BEGIN MATERIAL PROVIDED

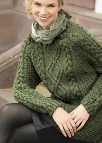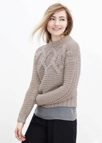 - A sweater with braids is ideal for winter or late autumn, and skilled craftsmen who prefer to work both with a crochet and knitting needles can knit it.
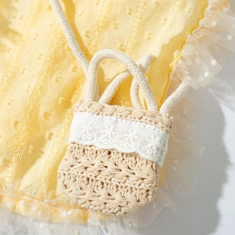 Característica:Camiseta sin mangas pequeña fresca/Jugar con una bolsa en la espalda/Lleno de estilo pastoral/Exquisito y encantador/Diseño de botones/Fácil de usar
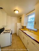 Off of the dining nook, you'll find your galley-style kitchen. It includes a refrigerator and gas range stove. Your kitchen also has a window over the sink for natural lighting and tons of cabinets.
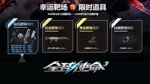 真正的重头戏在这里:从2026年4月14日维护后,一直到4月21日维护前,幸运靶场将迎来年度级的限时内容。钻石靶场将限时加入四款橙色时限武器,包括“暴君-苍穹回响”、“超能-制导手雷”、“超能-幻影冲击”以及“超能-寒霜先锋”。这无疑是追求顶级火力的玩家不容错过的机会。当然,活动也兼顾了不同需求的玩家:实用的“供弹器II型(永久)”将限时进入黄金靶场,而“干扰装置(永久)”则会出现在白银靶场。无论你是热衷暴力输出的突击手,还是擅长控场支援的战术家,都能在靶场中找到心仪的装备,全方位提升自己在战场上的表现。
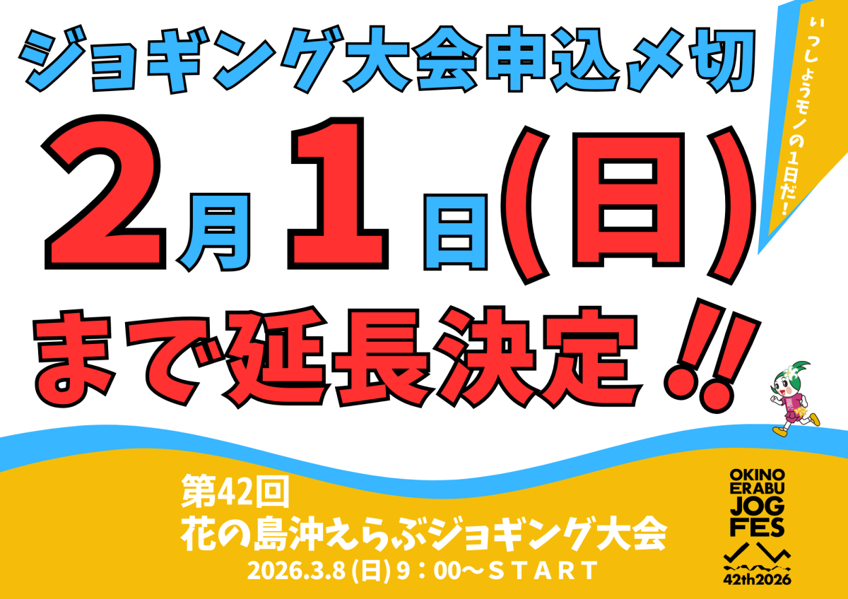 第42回花の島沖えらぶジョギング大会の申込締切日は、1月25日(日)となっておりましたが、ネット申込み及び島内窓口での受付を2/1(日)まで延長することを決定しました!!!
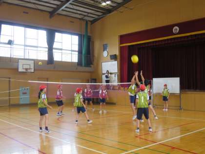 ソフトバレーボールの単元で体育科の研究授業を行いました。ボールをつなぐこと、つないだボールを相手コートに返すことなどをめあてに、個人練習やチーム練習です。チームでのふり返りの時間も大切にしながら、いろんな課題に取り組みました。できるようになったことがいっぱいで、達成感をたくさん味わえたようです。授業後はさわやかな笑顔の6年生でした。

END MATERIAL PROVIDED

### WORK ORDER
Retype the records above exactly, and keep any picture out of what you write.

### OUTPUT
 - A sweater with braids is ideal for winter or late autumn, and skilled craftsmen who prefer to work both with a crochet and knitting needles can knit it.
 Característica:Camiseta sin mangas pequeña fresca/Jugar con una bolsa en la espalda/Lleno de estilo pastoral/Exquisito y encantador/Diseño de botones/Fácil de usar
 Off of the dining nook, you'll find your galley-style kitchen. It includes a refrigerator and gas range stove. Your kitchen also has a window over the sink for natural lighting and tons of cabinets.
 真正的重头戏在这里:从2026年4月14日维护后,一直到4月21日维护前,幸运靶场将迎来年度级的限时内容。钻石靶场将限时加入四款橙色时限武器,包括“暴君-苍穹回响”、“超能-制导手雷”、“超能-幻影冲击”以及“超能-寒霜先锋”。这无疑是追求顶级火力的玩家不容错过的机会。当然,活动也兼顾了不同需求的玩家:实用的“供弹器II型(永久)”将限时进入黄金靶场,而“干扰装置(永久)”则会出现在白银靶场。无论你是热衷暴力输出的突击手,还是擅长控场支援的战术家,都能在靶场中找到心仪的装备,全方位提升自己在战场上的表现。
 第42回花の島沖えらぶジョギング大会の申込締切日は、1月25日(日)となっておりましたが、ネット申込み及び島内窓口での受付を2/1(日)まで延長することを決定しました!!!
 ソフトバレーボールの単元で体育科の研究授業を行いました。ボールをつなぐこと、つないだボールを相手コートに返すことなどをめあてに、個人練習やチーム練習です。チームでのふり返りの時間も大切にしながら、いろんな課題に取り組みました。できるようになったことがいっぱいで、達成感をたくさん味わえたようです。授業後はさわやかな笑顔の6年生でした。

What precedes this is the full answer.